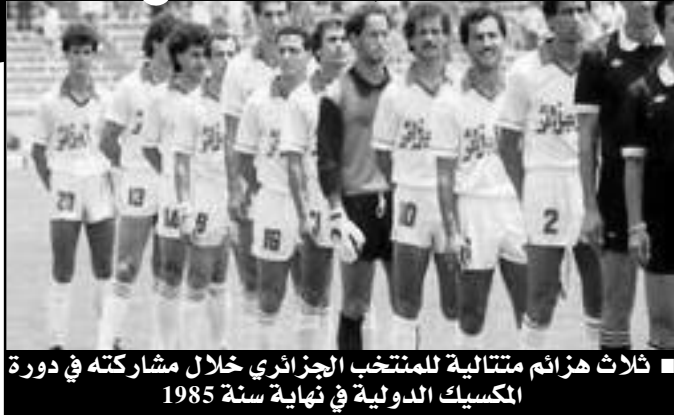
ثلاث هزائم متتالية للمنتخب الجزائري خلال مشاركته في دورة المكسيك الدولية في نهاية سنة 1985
________________________
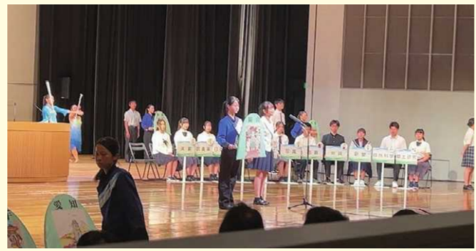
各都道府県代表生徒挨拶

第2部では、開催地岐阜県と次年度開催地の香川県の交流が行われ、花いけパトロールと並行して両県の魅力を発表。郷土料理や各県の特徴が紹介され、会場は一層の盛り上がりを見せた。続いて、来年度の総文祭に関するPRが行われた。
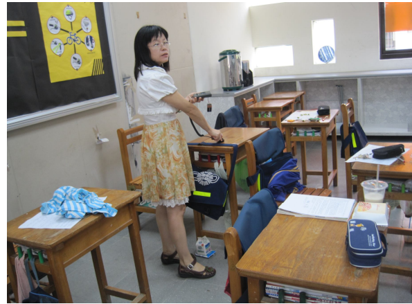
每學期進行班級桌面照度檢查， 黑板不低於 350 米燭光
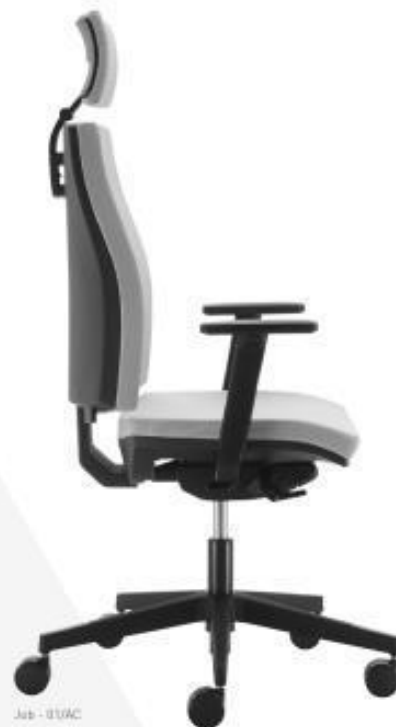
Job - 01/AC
________________________
_What the task requires_
Look above for the line with "第2部では、開催地岐阜県と次" and the line with "Job - 01/AC", then copy them and all lines in between exactly as written, and only those, without any pictures.

_Expected answer_
第2部では、開催地岐阜県と次年度開催地の香川県の交流が行われ、花いけパトロールと並行して両県の魅力を発表。郷土料理や各県の特徴が紹介され、会場は一層の盛り上がりを見せた。続いて、来年度の総文祭に関するPRが行われた。
每學期進行班級桌面照度檢查， 黑板不低於 350 米燭光
Job - 01/AC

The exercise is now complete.